*** Dataset content Section Begins ***
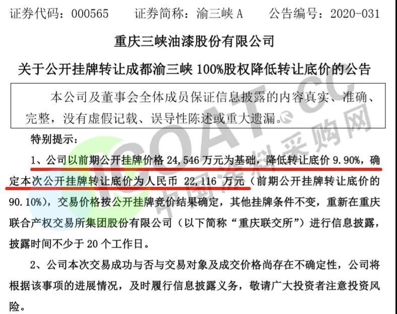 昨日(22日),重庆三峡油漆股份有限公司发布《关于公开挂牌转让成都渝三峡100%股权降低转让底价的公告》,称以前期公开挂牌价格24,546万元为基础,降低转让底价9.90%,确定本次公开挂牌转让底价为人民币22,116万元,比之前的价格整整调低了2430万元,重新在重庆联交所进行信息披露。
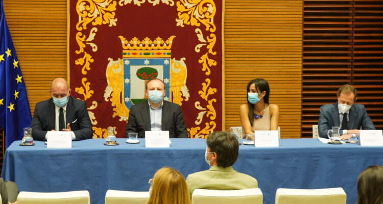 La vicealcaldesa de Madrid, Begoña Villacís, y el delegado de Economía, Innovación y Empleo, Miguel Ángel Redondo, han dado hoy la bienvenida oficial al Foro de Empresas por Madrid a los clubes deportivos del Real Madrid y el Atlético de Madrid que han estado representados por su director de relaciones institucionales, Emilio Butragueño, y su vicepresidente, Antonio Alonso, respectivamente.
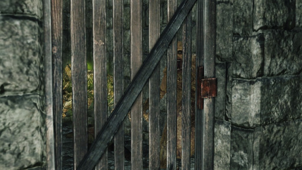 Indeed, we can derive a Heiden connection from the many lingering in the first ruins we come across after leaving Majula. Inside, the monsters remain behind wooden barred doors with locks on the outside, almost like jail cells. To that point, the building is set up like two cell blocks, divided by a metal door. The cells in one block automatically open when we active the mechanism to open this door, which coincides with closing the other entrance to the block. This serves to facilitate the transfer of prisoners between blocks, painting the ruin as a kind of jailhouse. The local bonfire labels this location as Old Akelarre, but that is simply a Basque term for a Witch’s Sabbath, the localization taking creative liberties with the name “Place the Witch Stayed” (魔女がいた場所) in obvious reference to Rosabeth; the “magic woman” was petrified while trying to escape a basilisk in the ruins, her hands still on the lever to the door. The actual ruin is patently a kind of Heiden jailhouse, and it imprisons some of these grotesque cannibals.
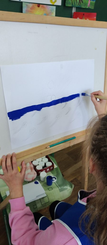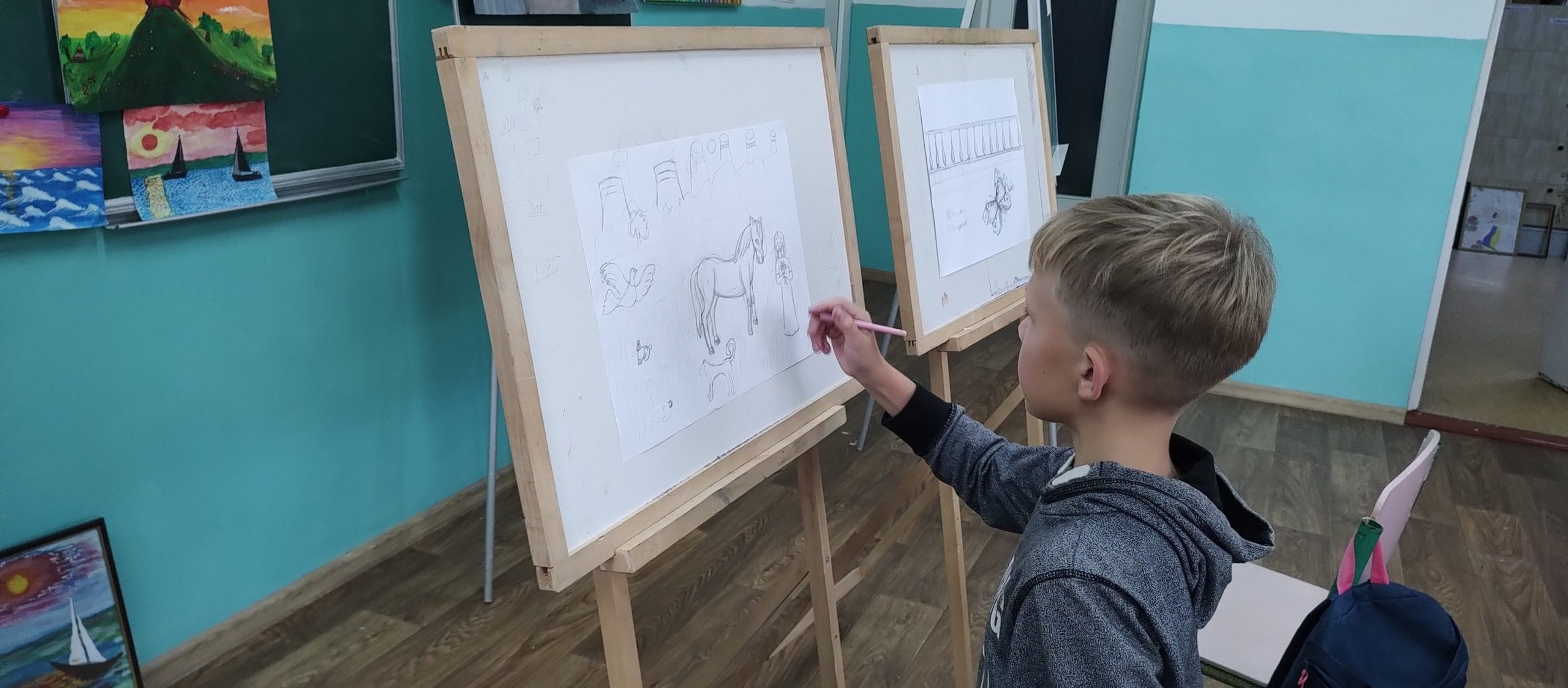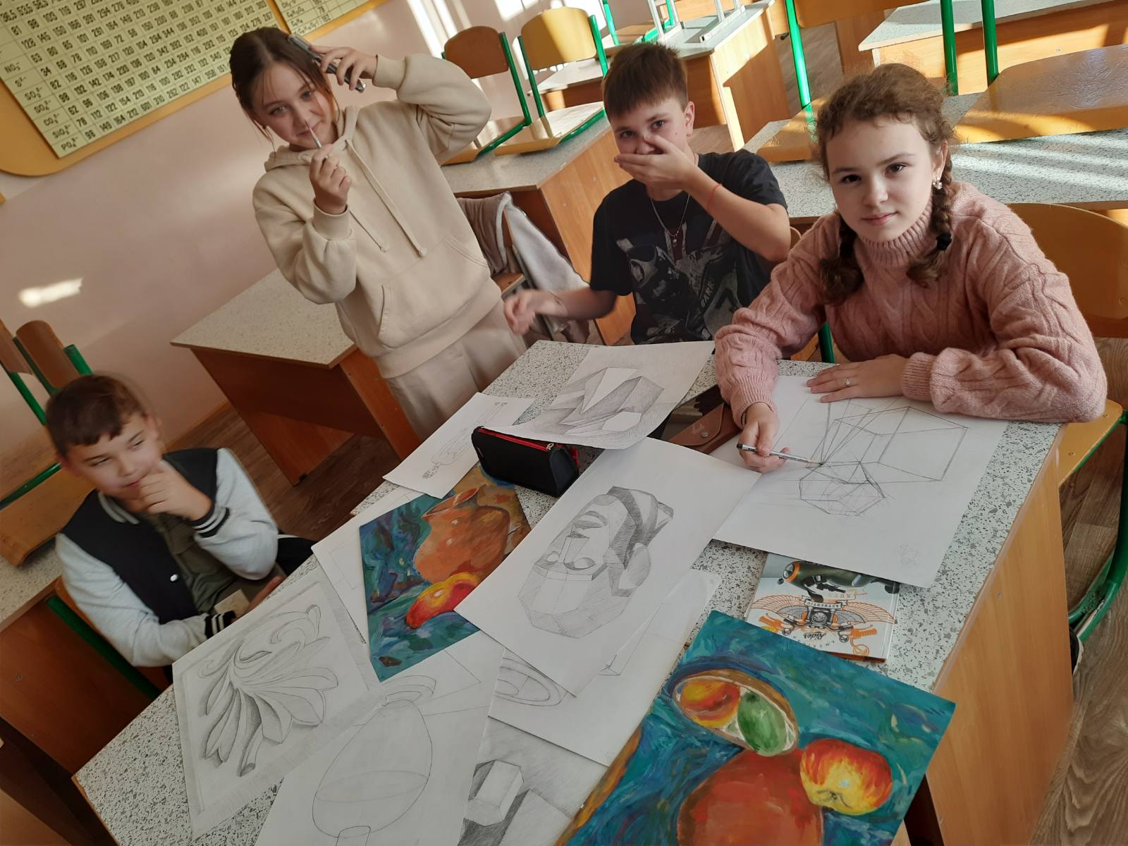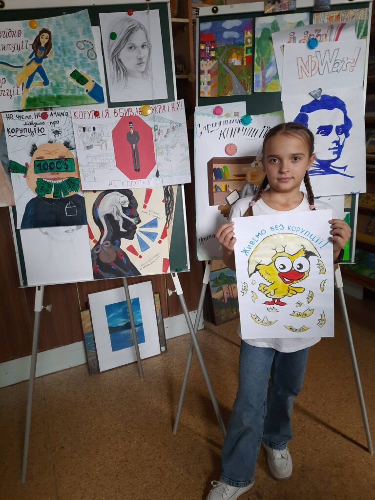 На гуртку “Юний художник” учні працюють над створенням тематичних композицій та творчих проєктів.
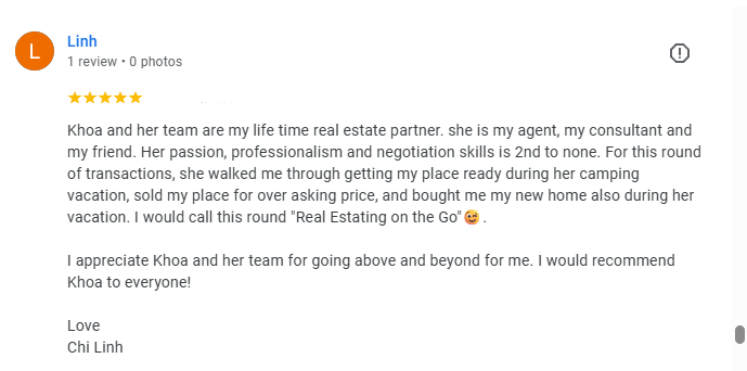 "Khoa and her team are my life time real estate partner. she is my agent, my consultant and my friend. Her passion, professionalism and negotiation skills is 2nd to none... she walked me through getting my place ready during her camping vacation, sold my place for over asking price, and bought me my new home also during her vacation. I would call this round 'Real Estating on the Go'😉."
*** Dataset content Section Ends ***
*** Dataset content Section Begins ***
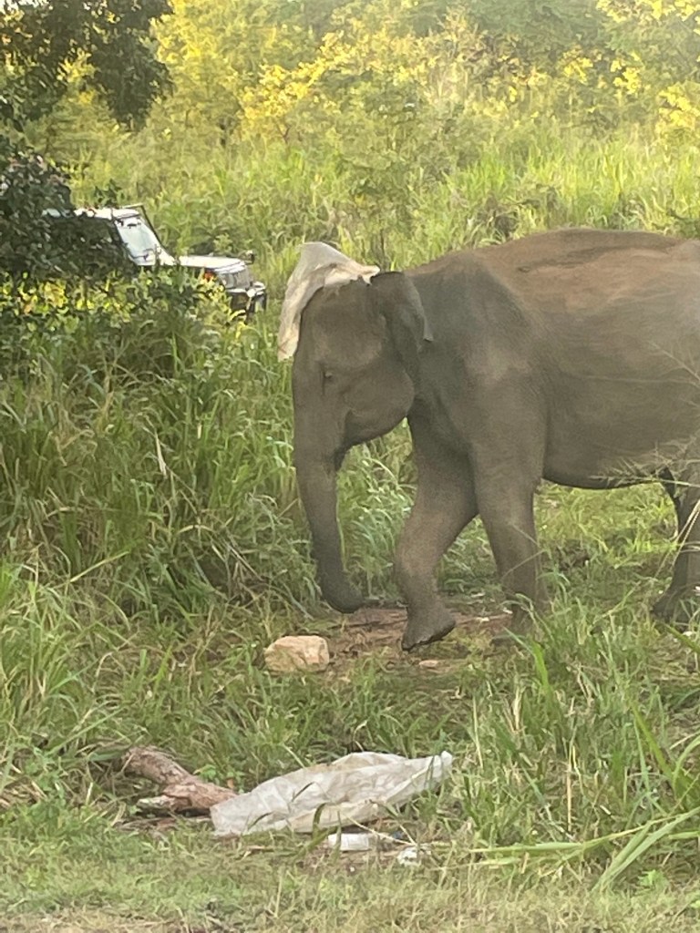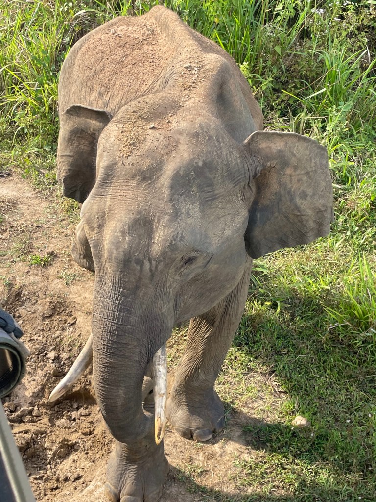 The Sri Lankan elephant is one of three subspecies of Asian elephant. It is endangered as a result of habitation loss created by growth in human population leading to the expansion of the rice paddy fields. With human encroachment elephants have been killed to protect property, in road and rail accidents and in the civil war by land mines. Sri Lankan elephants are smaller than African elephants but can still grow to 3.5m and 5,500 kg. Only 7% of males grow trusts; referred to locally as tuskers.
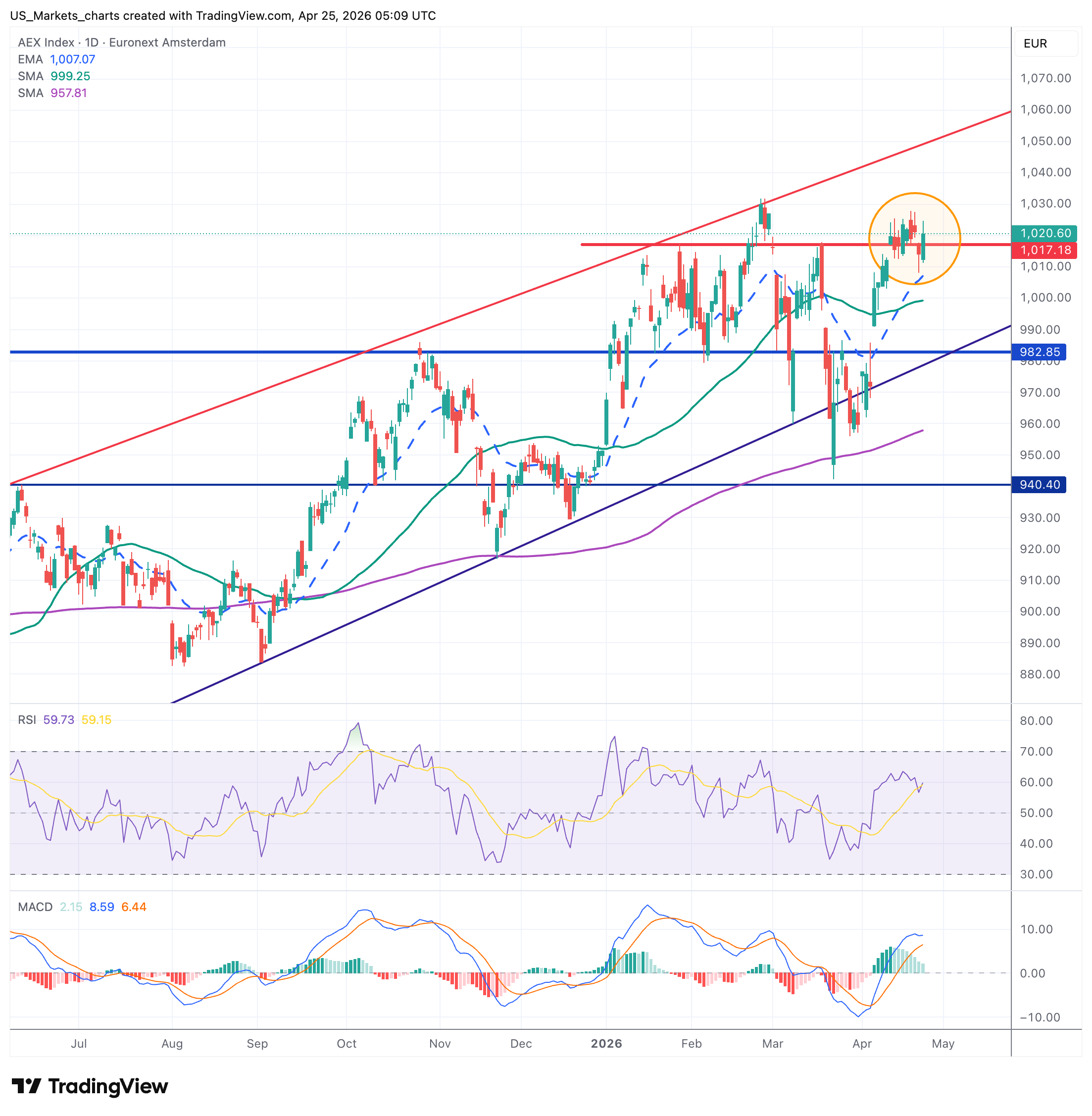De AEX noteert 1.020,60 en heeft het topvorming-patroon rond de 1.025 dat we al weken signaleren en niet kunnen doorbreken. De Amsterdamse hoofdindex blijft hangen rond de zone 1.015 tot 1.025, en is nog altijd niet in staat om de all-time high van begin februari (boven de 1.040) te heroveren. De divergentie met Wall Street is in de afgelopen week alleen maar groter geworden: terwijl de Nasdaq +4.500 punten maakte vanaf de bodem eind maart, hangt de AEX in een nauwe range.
*** Dataset content Section Ends ***
Using the data above, print only the lines starting at the one with "La vicealcaldesa de" and ending at the one with "and her team", exactly as they stand, minus the pictures.

**Answer section**
 La vicealcaldesa de Madrid, Begoña Villacís, y el delegado de Economía, Innovación y Empleo, Miguel Ángel Redondo, han dado hoy la bienvenida oficial al Foro de Empresas por Madrid a los clubes deportivos del Real Madrid y el Atlético de Madrid que han estado representados por su director de relaciones institucionales, Emilio Butragueño, y su vicepresidente, Antonio Alonso, respectivamente.
 Indeed, we can derive a Heiden connection from the many lingering in the first ruins we come across after leaving Majula. Inside, the monsters remain behind wooden barred doors with locks on the outside, almost like jail cells. To that point, the building is set up like two cell blocks, divided by a metal door. The cells in one block automatically open when we active the mechanism to open this door, which coincides with closing the other entrance to the block. This serves to facilitate the transfer of prisoners between blocks, painting the ruin as a kind of jailhouse. The local bonfire labels this location as Old Akelarre, but that is simply a Basque term for a Witch’s Sabbath, the localization taking creative liberties with the name “Place the Witch Stayed” (魔女がいた場所) in obvious reference to Rosabeth; the “magic woman” was petrified while trying to escape a basilisk in the ruins, her hands still on the lever to the door. The actual ruin is patently a kind of Heiden jailhouse, and it imprisons some of these grotesque cannibals.
 На гуртку “Юний художник” учні працюють над створенням тематичних композицій та творчих проєктів.
 "Khoa and her team are my life time real estate partner. she is my agent, my consultant and my friend. Her passion, professionalism and negotiation skills is 2nd to none... she walked me through getting my place ready during her camping vacation, sold my place for over asking price, and bought me my new home also during her vacation. I would call this round 'Real Estating on the Go'😉."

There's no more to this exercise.